K-Gr 3—Once again, Polacco has drawn on a rich family history to present this story of courage, perseverance, and love. Young Fiona Hughes and her younger sister, Ailish, loved to hear their father's "grand stories," but their favorite was the one of how their parents met. Mick passed the lace parlor each day at lunch and took a liking to a young lass who worked there. None of the other girls, however, would tell him where she lived. One day he noticed a bit of fine lace tied to a bush and then another a bit farther away tied to a tree and then another, and another. The trail led straight to Annie's house and the couple's eventual marriage. Annie taught her fine skills to Fiona, a talent that would prove both profitable and lifesaving.

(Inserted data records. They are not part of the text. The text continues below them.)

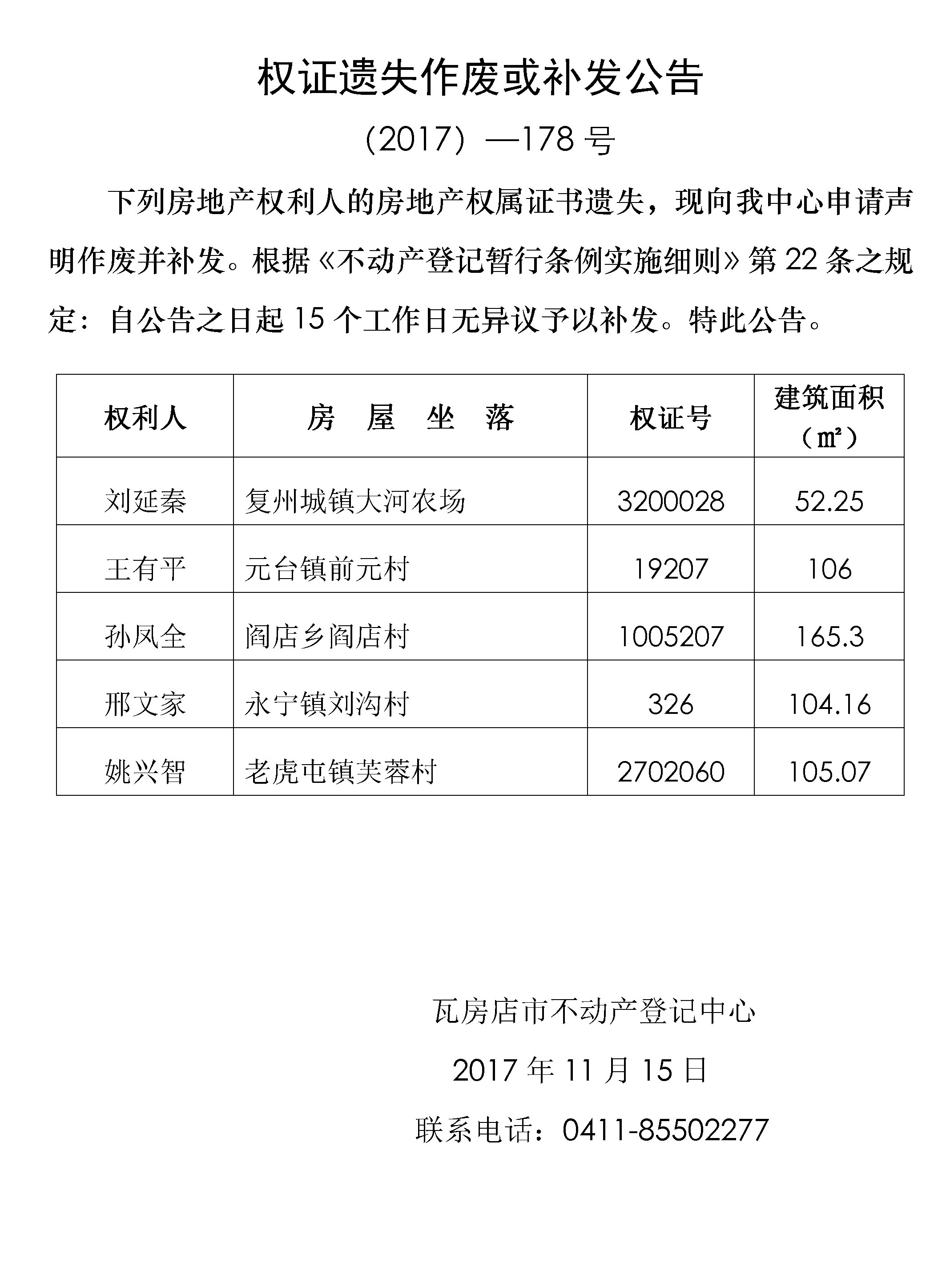 宅基地使用权及房屋所有权首次登记公告 (2017)-177号
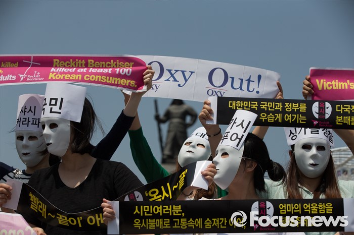 (서울=포커스뉴스) 30일 오후 서울 종로구 광화문 광장에서 환경보건시민센터 관계자들이 옥시 전 사장 검찰소환 조사 촉구하는 기자회견 및 퍼포먼스를 열고 있다.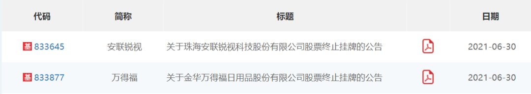 6月30日,新三板基础层公司安联锐视(833645)、万得福(833877)终止挂牌。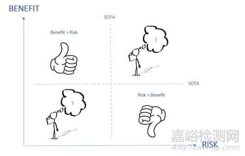 獲益和風(fēng)險(xiǎn)通常不屬于同一個(gè)評(píng)價(jià)維度。這就好比,比較蘋(píng)果和柑橘??陀^地比較獲益與風(fēng)險(xiǎn)往往并不容易。制造商必須綜合已有信息,回答以下問(wèn)題: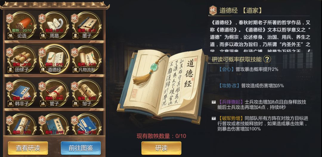 3、如果本卷帙的所有技能都已获取,则无法再对本卷帙进行研读。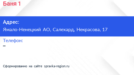 Баня №1 по адресу Ямало-Ненецкий АО, Салехард, Некрасова, 17 в дальнейшем Организация, размещена в следующих категориях:
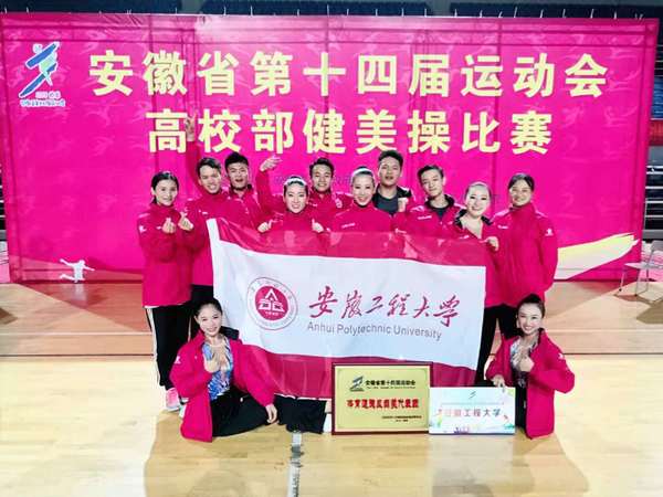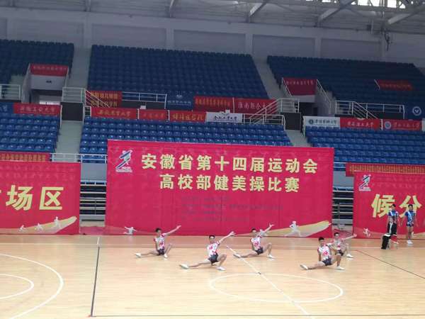 作为安徽省第十四届运动会的压轴赛事,高校部健美操比赛于10月20至24日在蚌埠龙湖体育馆举行。该项赛事是安徽省最高级别的比赛,吸引了全省51所高校的近千名学生参赛。我校健美操队在领队胡好,教练员杨菲菲、李品仙带领下,派出10名运动员参加八个项目的比赛。通过五天的激烈角逐,我校运动员以高规格的技术动作、新颖的节目创编、完美的场上发挥,获得了裁判团、参赛学校的教练员和运动员的高度评价,最终获得了六枚金牌,一枚银牌,一枚铜牌的傲人战绩,再次捍卫了我校健美操项目在全省的领先水平,展示了我校大学生的积极进取的精神风貌,为学校争得了荣誉。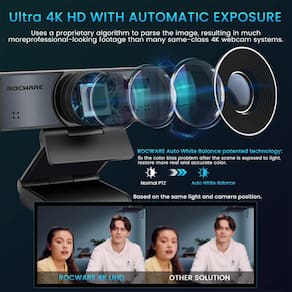-?Microfone estéreo embutido e tecnologia de redução de ruído com cancelamento de eco?A webcam de computador 4K é equipada com microfone omnidirecional embutido de redução de ruído, que pode tornar sua voz clara e filtrar o ruído de fundo. Esta câmera USB Rocware pode oferecer ao seu público um excelente efeito de áudio, tornando-a adequada para muitos campos, como ensino on-line, videochamada, webconferência, captura de retratos, etc.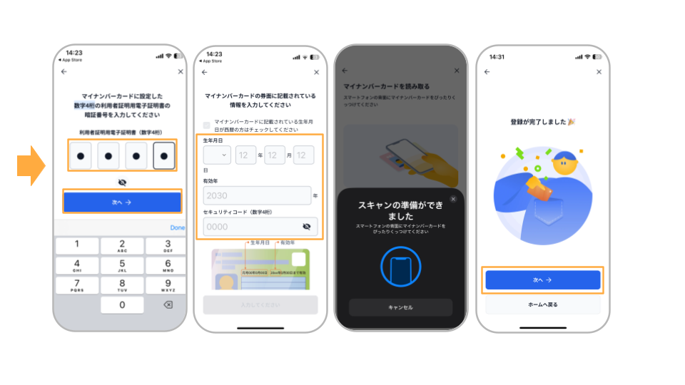 マイナンバーカードの券面に記載された情報を入力し、「次へ」を選択 ※セキュリティコードは、顔写真の下部に記載されている番号です。
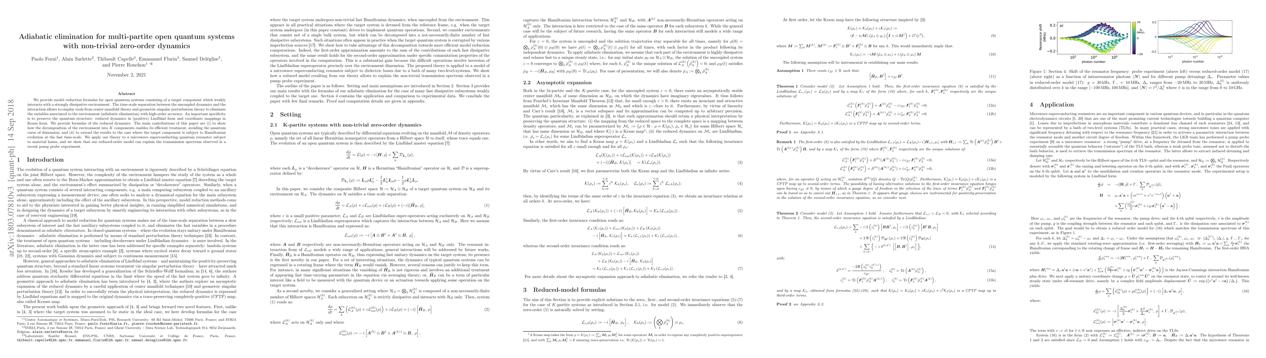 We provide model reduction formulas for open quantum systems consisting of a target component which weakly interacts with a strongly dissipative environment. The time-scale separation between the uncoupled dynamics and the interaction allows to employ tools from center manifold theory and geometric singular perturbation theory to eliminate the variables associated to the environment (adiabatic elimination) with high-order accuracy. An important specificity is to preserve the quantum structure: reduced dynamics in (positive) Lindblad form and coordinate mappings in Kraus form. We provide formulas of the reduced dynamics. The main contributions of this paper are (i) to show how the decomposition of the environment into $K$ components enables its efficient treatment, avoiding the quantum curse of dimension; and (ii) to extend the results to the case where the target component is subject to Hamiltonian evolution at the fast time-scale. We apply our theory to a microwave superconducting quantum resonator subject to material losses, and we show that our reduced-order model can explain the transmission spectrum observed in a recent pump probe experiment.
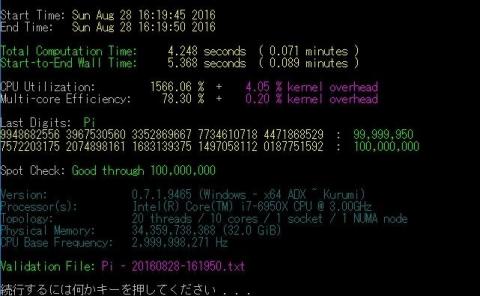 以前Core™ i7-4960Xのレビューの時に行った円周率1兆桁。

When the local mill closed, the family left Ireland to work for a wealthy family in Chicago; in exchange for their work, their passage was taken care of, so they received no pay. Fiona's fine lace was beautiful, and there was a market for it, so she made lace while her parents had second jobs in the evenings, including the night of the Great Fire. Abandoning their home for a safer place that fateful night, Fiona and Ailish remembered their father's story and left a trail of lace to direct their parents to them. An endnote explains that a framed piece of Fiona's lace still rests with honor in Polacco's home. Illustrated with pencil and acetone markers in Polacco's recognizable style, this is a story with many themes and lessons—the love of family, the immigrant experience, and family history and stories passing from generation to generation, to name a few. It's sure to find an appreciative audience.—Roxanne Burg, Orange County Public Library, CA
A standard immigrant story turns dramatic when Fiona's Irish American family faces the Great Chicago Fire of 1871. Polacco's own family history again provides the story's inspiration; an endnote reveals that the real Fiona's lace still exists. Polacco's emotionally resonant marker and pencil illustrations are equally adept at depicting the green Irish countryside and the grays and browns of Chicago life.